The Rest is History podcast host has often found himself getting invited to Church since he wrote Dominion, a book arguing that Christianity is deeply embedded in the West’s moral imagination. Yet in that book, as he confessed last night, he was nervous to broach the subject of the historical Jesus. I was eager, then, to finally hear what Holland made of Jesus, and where he might aver from Williams. In this piece, I offer some reflections on the event.
The Sources for Jesus
The discussion opened with an exploration of Roman sources for Jesus. Holland explained that when he was an atheist teenager, he believed that the evidence for Jesus’ life was much weaker than, say, the evidence for the prophet Mohammad. Yet in researching his book on Islam, he realised he had got it the wrong way round: the key sources for Mohammad’s life were written hundreds of years after his life. By contrast, Jesus appears in a relatively “astonishing” number of sources relatively early on.
The sources in question are diverse: Pliny the Younger’s letter to the Emperor Trajan, asking the Emperor what to do with these pesky Christians who ‘worship Christ as a god’; Tacitus’ reference in his Annals to Christians who were blamed by Nero for the fire in Rome; Suetonius’ possible reference to a certain “Chrestus”; as well as the first century Jewish historian Flavius Josephus’ descriptions of Jesus in his Antiquities.

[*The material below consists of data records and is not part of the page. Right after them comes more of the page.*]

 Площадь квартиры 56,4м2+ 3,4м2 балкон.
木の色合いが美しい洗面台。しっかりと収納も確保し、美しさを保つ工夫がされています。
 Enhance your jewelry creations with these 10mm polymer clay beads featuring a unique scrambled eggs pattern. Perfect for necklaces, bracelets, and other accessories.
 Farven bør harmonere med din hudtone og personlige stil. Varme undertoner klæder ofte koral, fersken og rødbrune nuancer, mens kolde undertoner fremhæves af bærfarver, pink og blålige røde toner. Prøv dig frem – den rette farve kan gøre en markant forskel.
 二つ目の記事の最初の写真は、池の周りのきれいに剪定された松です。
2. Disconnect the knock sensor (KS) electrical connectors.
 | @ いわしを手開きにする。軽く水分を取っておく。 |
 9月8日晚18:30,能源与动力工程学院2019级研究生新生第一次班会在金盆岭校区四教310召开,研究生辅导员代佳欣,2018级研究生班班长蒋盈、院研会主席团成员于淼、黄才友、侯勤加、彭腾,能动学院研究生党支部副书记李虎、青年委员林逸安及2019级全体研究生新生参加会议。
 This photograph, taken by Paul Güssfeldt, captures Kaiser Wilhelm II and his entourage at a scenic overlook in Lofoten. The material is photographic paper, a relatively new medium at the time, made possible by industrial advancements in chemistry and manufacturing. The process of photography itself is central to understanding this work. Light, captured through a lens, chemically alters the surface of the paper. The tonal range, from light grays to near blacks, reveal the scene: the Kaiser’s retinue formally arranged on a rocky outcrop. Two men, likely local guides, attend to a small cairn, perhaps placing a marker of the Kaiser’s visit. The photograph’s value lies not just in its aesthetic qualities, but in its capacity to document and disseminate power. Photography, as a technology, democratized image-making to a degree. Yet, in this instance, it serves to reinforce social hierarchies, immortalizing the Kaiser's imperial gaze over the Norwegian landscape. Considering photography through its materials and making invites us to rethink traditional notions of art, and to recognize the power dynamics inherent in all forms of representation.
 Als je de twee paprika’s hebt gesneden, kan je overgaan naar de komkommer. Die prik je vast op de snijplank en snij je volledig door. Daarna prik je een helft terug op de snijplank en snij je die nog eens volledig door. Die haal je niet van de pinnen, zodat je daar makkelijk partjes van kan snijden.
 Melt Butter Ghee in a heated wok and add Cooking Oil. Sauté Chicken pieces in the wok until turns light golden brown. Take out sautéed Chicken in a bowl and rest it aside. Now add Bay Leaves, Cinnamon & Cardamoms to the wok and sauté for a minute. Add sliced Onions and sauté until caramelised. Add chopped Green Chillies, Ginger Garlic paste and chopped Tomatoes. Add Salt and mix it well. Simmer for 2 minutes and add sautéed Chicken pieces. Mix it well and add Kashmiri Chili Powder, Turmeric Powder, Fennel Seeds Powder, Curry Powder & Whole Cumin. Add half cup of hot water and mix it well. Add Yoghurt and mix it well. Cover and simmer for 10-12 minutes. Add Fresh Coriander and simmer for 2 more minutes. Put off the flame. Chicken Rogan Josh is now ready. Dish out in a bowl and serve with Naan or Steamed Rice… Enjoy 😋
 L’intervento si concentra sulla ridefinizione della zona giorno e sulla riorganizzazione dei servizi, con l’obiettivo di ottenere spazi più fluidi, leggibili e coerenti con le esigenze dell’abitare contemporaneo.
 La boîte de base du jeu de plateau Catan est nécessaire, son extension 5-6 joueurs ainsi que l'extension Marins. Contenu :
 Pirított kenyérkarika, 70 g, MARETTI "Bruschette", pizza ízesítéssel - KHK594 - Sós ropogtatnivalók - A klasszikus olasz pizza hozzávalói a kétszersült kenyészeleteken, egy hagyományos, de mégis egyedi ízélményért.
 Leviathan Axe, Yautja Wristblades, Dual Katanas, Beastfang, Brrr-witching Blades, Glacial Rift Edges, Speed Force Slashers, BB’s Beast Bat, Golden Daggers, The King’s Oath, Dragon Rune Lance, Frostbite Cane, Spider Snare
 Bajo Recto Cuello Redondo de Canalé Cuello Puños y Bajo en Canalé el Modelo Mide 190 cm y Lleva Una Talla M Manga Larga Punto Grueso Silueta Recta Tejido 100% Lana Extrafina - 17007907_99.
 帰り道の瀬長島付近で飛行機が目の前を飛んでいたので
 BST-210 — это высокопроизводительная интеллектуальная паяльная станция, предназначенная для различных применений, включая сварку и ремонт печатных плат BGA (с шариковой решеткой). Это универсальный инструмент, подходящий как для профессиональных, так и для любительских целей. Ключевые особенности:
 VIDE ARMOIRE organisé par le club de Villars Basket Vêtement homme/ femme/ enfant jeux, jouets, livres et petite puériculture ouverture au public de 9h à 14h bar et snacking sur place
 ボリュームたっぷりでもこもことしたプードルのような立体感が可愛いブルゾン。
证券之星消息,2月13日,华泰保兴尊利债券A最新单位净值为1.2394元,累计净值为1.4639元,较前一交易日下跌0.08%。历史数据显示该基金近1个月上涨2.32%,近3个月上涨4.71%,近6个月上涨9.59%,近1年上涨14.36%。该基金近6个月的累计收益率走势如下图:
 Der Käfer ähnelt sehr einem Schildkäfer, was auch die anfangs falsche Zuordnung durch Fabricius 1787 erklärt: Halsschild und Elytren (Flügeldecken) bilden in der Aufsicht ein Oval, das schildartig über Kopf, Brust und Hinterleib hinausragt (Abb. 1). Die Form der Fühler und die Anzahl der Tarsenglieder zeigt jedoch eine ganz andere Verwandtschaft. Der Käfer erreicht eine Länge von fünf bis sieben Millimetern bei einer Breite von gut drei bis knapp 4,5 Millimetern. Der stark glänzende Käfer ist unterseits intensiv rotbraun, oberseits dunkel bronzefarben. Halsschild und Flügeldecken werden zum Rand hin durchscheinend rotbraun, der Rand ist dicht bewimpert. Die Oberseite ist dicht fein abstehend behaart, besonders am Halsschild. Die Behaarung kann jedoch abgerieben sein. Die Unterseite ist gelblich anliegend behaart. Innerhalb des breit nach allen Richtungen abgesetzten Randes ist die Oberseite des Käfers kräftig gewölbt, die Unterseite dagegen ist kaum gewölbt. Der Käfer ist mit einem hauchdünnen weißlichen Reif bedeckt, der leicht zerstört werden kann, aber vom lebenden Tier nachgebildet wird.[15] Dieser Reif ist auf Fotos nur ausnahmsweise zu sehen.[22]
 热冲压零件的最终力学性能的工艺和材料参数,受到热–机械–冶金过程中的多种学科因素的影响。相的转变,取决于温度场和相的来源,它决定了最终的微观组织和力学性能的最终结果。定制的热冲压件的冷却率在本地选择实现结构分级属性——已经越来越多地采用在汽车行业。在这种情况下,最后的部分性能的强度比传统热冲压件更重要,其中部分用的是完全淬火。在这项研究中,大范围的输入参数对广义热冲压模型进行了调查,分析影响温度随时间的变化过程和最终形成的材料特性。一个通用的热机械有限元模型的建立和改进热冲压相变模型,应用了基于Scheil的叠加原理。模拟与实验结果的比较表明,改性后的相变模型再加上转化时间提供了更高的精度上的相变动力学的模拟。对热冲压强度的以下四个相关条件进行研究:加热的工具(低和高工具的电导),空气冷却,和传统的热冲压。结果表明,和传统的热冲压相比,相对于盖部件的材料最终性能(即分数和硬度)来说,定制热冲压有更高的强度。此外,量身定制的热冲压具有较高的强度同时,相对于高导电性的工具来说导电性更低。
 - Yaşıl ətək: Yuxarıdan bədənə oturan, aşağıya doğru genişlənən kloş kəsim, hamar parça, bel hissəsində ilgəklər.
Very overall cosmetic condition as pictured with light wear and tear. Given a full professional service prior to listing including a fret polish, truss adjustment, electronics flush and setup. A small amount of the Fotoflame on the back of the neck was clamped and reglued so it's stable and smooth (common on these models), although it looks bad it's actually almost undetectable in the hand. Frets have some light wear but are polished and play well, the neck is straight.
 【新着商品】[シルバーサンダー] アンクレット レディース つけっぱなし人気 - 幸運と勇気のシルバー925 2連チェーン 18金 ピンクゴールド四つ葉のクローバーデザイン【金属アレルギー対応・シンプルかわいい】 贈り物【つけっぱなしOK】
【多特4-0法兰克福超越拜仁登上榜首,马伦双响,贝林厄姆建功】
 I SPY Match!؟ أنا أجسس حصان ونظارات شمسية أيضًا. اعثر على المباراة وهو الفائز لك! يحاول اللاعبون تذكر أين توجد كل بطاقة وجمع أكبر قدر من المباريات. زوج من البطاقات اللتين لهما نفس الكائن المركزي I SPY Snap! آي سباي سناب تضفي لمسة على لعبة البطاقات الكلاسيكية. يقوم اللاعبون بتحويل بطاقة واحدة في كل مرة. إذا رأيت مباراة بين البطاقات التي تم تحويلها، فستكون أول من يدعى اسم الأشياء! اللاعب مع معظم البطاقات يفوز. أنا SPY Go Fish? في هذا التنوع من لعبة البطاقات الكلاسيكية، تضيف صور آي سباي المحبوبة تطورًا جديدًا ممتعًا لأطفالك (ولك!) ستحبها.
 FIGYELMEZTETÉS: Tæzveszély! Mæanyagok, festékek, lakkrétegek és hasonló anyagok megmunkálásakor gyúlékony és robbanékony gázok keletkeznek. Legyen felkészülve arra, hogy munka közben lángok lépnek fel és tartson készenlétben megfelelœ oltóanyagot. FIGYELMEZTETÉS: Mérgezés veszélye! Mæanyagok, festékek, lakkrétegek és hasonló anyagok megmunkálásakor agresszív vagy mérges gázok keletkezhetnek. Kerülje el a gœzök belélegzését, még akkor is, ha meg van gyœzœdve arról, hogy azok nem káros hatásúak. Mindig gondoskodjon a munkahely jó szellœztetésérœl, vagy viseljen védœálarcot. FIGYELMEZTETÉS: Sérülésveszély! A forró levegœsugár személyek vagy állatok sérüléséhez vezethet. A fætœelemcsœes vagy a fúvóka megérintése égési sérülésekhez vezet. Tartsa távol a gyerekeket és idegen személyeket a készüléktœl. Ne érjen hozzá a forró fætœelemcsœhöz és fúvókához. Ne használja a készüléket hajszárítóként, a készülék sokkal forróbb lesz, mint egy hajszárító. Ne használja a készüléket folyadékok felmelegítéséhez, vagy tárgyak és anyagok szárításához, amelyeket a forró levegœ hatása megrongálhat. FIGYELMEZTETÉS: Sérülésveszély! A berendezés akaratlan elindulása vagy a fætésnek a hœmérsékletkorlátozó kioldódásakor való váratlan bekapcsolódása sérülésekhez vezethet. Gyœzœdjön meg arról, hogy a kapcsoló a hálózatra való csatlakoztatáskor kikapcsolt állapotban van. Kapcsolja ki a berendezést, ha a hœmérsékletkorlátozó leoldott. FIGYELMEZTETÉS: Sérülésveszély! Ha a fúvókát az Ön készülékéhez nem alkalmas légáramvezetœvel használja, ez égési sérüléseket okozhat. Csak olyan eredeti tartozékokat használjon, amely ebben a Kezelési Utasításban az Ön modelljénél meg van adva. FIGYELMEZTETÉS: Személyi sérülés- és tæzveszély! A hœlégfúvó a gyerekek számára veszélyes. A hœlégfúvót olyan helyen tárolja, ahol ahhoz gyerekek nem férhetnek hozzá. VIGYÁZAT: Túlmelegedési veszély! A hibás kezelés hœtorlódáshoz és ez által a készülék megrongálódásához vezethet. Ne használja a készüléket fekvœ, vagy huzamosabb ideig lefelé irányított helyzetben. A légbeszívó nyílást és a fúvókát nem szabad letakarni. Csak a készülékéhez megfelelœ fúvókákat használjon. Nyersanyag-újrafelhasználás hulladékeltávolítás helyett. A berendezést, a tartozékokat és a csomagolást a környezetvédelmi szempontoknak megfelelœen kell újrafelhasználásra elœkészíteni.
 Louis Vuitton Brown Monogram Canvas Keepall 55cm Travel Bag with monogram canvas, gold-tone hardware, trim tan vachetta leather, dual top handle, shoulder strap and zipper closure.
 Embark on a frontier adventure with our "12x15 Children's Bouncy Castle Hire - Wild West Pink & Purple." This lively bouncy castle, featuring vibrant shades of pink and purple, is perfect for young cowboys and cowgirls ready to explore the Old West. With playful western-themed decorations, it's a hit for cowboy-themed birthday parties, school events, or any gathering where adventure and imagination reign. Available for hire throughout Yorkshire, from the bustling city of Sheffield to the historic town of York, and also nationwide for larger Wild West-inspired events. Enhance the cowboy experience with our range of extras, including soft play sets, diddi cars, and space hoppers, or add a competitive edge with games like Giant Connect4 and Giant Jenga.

All of these sources are fascinating windows into early Christianity, and an indirect witness to Jesus. Yet I slightly lament the fact that discussions of Jesus’ life are often framed by them, giving the impression that the Roman sources somehow provide a more stable foundation for Jesus’ life than the ‘Christian’ ones. If we did not have these sources, our understanding of Jesus would remain largely unaffected.
It is perhaps telling that the sources did not come up again in the discussion, attesting to their rather threadbare historical interest. The more pressing concern is whether Paul and the gospels get Jesus right – and that is where the conversation turned next.
What the Gospels get right – and wrong…
Peter Williams opened his case for the gospels by pointing to what they get right. They mostly understand the local ‘colour’ of the region – the names we find in them are common Jewish names, and the terminology they use is often appropriate. Unlike later apocryphal gospels, which show little concern for Palestinian realia, the canonical gospels bear a closer familiarity with the people and places they describe.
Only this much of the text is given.